The main question the court had to determine was whether he was sane and could be held responsible for his actions.

Ironically, the prison sentence is not only what Breivik wanted, but also what most of the families of the victims and the general public in Norway desired.

But Prosecutor Svein Holden had called for him to be sent to closed psychiatric care, arguing that "it would be worse to sentence someone who is psychotic to prison than to send someone who is not psychotic to psychiatric care."

Breivik, who laid out his hateful world view in a rambling 1,500-page online manifesto, was diagnosed with paranoid schizophrenia and declared criminally insane after his arrest for the deadly rampage.

However, a public outcry led to a second assessment which found him legally sane – a view shared by most Norwegians in polls, and by Breivik himself who has said he would accept prison but appeal against closed psychiatric treatment.

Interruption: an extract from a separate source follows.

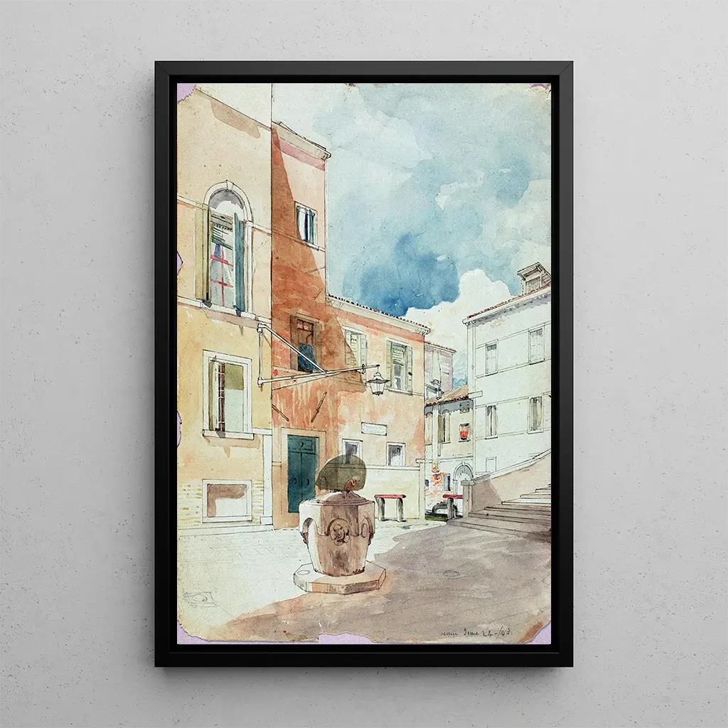 Kunsttrykket af Venise af Miner Kilbourne Kellogg fremkalder en fortryllende atmosfære, hvor refleksionerne af bygningerne på vandet skaber en dans af farver. De bløde nuancer af blå og rosa blander sig harmonisk, mens de arkitektoniske detaljer i de venetianske paladser træder frem med finesse. Akvarelteknikken, anvendt af Kellogg, giver værket en lethed og en flydende kvalitet, der minder om gondolernes bevægelser på kanalerne. Dette lærred inviterer til en fredelig eftertanke og transporterer betragteren til hjertet af den Serenissime, hvor hvert gadehjørne synes at fortælle en historie.

In previous testimony during the trial that ran until June, Breivik laid out in chilling detail what motivated him to meticulously plan for years and then execute Norway's worst massacre since World War II.

On Friday, presiding judge Wenche Elizabeth Arntzen recounted Breivik's Oslo childhood, his later failed business ventures, including selling fake diplomas, and a trip to Liberia, before he moved back in with his mother.

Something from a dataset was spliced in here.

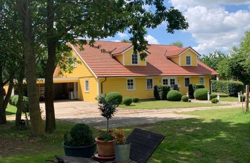 The complete first floor of our 310 m2 two-family house, in which the great apartment is located on our horse farm, is one of the largest, comfortable apartments in Mecklenburg-Western Pomerania with 4 bedrooms. There is also a large sofa bed in the living room. You also have a large kitchen with a new, modern fitted kitchen and a huge dining area (large dining table with comfortable, solid chairs).

From 2006 to 2008 he committed himself to the real-time online role-playing game 'World of Warcraft', for up to 16 hours a day, she said, and he later continued playing other games for an average six and a half hours a day.

He spent his time in seclusion penning his manifesto "2083: A European Declaration of Independence", the date marking the 400th anniversary of the 1683 Battle of Vienna which prevented the Ottoman empire from taking over Europe.

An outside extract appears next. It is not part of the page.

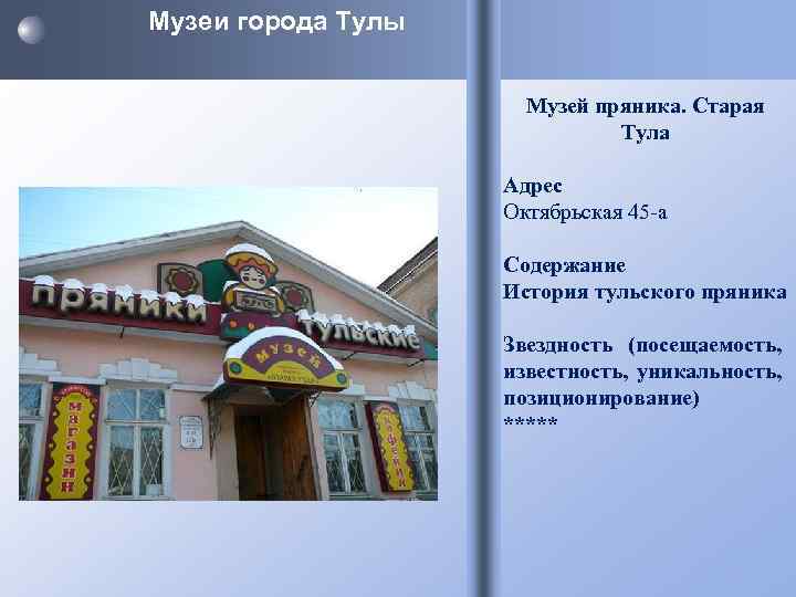 Музеи города Тулы Музей пряника. Старая Тула Адрес Октябрьская 45 -а Содержание История тульского пряника Звездность (посещаемость, известность, уникальность, позиционирование) *****

She recounted that Breivik called himself the "cell commander", "knight" or "perfect foot soldier" of a clandestine right-wing group called the Knights Templar, but the judge said the court "has found no evidence for the existence of the Knights Templar".

The court also heard about the lengths Breivik went to to plot his attacks.

Judge Arne Lyng said Breivik had bought two rifles, a pistol and a shotgun as well as ammunition in purchases from 14 retailers in four countries.

To make his bomb from chemical fertiliser, diesel and aluminium – with an explosive yield equivalent to 400-700 kilograms of TNT – he made 43 purchases from suppliers in five countries, said Lyng.

To train himself, Breivik took several courses of steroids, worked out at a fitness centre and went on hikes with a backpack full of rocks, Lyng said.

In the days before the attacks, he started taking a cocktail of ephedrine, caffeine and aspirin – a stimulant mix with an effect similar to that of amphetamine that boosts confidence, the willingness to take risks and leads to "increased risk of aggression and violence" according to experts, Lyng added.

He also practiced a meditation technique, borrowed from ancient Japanese warriors, "to de-emotionalise himself", and before the attacks played a total of 130 hours of shooting video game "Call of Duty", the judge said.